Proklamasi kemerdekaan Indonesia di Jakarta menyebabkan banyak berdirinya organisasi militan di Subang antara lain Badan Keamanan Umum (BKR), API, Pesindo, Lasykar Kaimahi dan lain-lain, banyak anggota salah satu anggota perang kemudian menjadi anggota organisasi. TNI Ketika pasukan KNIL kembali menduduki Bandung, para pejuang Subang menghadapi dua front, yaitu front selatan (Lembang) dan front barat (Gunung Putri dan Bekasi). Pada tahun 1946, kedudukan Jakarta terletak di Subang. Tentunya pemilihan lokasi ini bergantung pada strategi pertempuran. Pemukim pertama Sewaka menjadi Gubernur Jawa Barat. Kemudian Kusnaeni mengubahnya. Pada Desember 1946, Kosasih Purwanegara diangkat, tanpa mencopot Kusnaeni. Selang beberapa waktu, Mukmin diangkat menjadi pengurus setempat. Pada masa perang tentara Belanda I, menurut garis komando utama, desa ini tidak jauh dari Subang. Bersama para pemburu, masyarakat berada di daerah Songgom, Suryan dan Çimenteng. Residen Kosasih Purwanagara meninggalkan Subang pada 26 Oktober 1947, dan para pejabat Mukmin yang meninggalkan Purwakarta pada 6 Februari 1948 tidak melapor ke medan perang. Hal ini berujung pada pertemuan pada tanggal 5 April 1948 di Cimanggu, Desa Cimenteng. Konferensi yang dipimpin oleh Karlan tersebut diputuskan sebagai berikut: 1. Dilantiknya perwakilan Diyanet untuk penduduk zona perang Purwakarta. 2. Negeri Karawang Timur adalah Kerajaan Karawang Timur dan penguasa pertamanya adalah Danta Gandawikarma. 3. Karawang Barat Wilayah Karawang Barat dan penguasa pertamanya, Syafey. Karawang Timur adalah Kabupaten Subang dan Kabupaten Purwakarta. Saat itu, kedua provinsi dan ibu kota Subang disebut Kabupaten Purwakarta. Pada tanggal 5 April 1948, penetapan Provinsi Karawang Timur dijadikan dasar lahirnya Kerajaan Subang yang kemudian ditetapkan dengan Undang-undang DPRD No. 01/SK/DPRD/1977. Gubernur Purwakarta Provinsi Subang.
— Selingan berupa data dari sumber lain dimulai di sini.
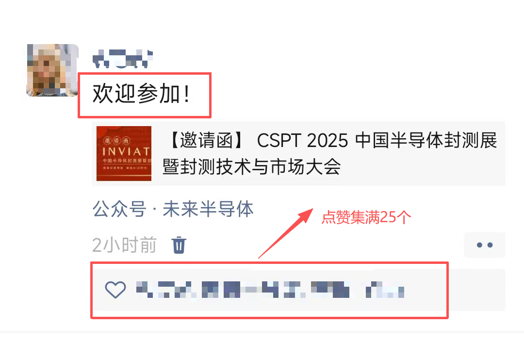 第2步:转发文章:《【邀请函】CSPT 2025 中国半导体封测展暨封测技术与市场大会》

Atju dibuka pada tanggal 25 Januari 1967. Namun setelah ditetapkannya UUD. Disini anda 4 Tahun 1968 membagi Kabupaten Purwakarta menjadi dua yaitu Kabupaten Purwakarta dan Kabupaten Subang. R. Atju Syamsudin merupakan gubernur distrik pertama Kabupaten Subang pada masa Orde Baru.
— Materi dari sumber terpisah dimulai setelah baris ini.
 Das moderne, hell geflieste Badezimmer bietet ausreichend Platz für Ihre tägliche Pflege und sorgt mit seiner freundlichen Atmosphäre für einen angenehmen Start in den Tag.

Menurut UU No. 4 Tahun 1968, Kabupaten Purwakarta dimekarkan menjadi dua kabupaten, Kabupaten Purwakarta & Kabupaten Subang. Di bawah ini adalah daftar raja yang bertugas di Kabupaten Subang, Jawa Barat.
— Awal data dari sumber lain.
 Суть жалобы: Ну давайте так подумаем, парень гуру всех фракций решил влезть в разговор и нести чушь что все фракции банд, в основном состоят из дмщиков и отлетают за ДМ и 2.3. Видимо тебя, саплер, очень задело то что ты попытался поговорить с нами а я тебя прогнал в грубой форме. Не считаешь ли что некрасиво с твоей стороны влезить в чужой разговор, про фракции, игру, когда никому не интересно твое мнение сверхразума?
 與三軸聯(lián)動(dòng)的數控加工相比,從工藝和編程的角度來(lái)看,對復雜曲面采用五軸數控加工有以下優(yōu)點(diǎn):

Peta Lokasi Kabupaten Subang : 107″ 31′ – 107″ 54′ BT dan 6″ 1′-6″ 49′

Museum Wisma Karya

Hotel murah di subang kota, kosan subang kota, subang kota, hotel subang kota, penginapan murah di subang kota, sejarah subang, hotel di subang kota, perumahan subang kota, hotel murah subang kota, penginapan di subang kota, sejarah kota subang jawa barat, reddoorz subang kota

No Comments

Leave a Reply

Your email address will not be published. Required fields are marked *

This site uses Akismet to reduce spam. Learn how your comment data is processed.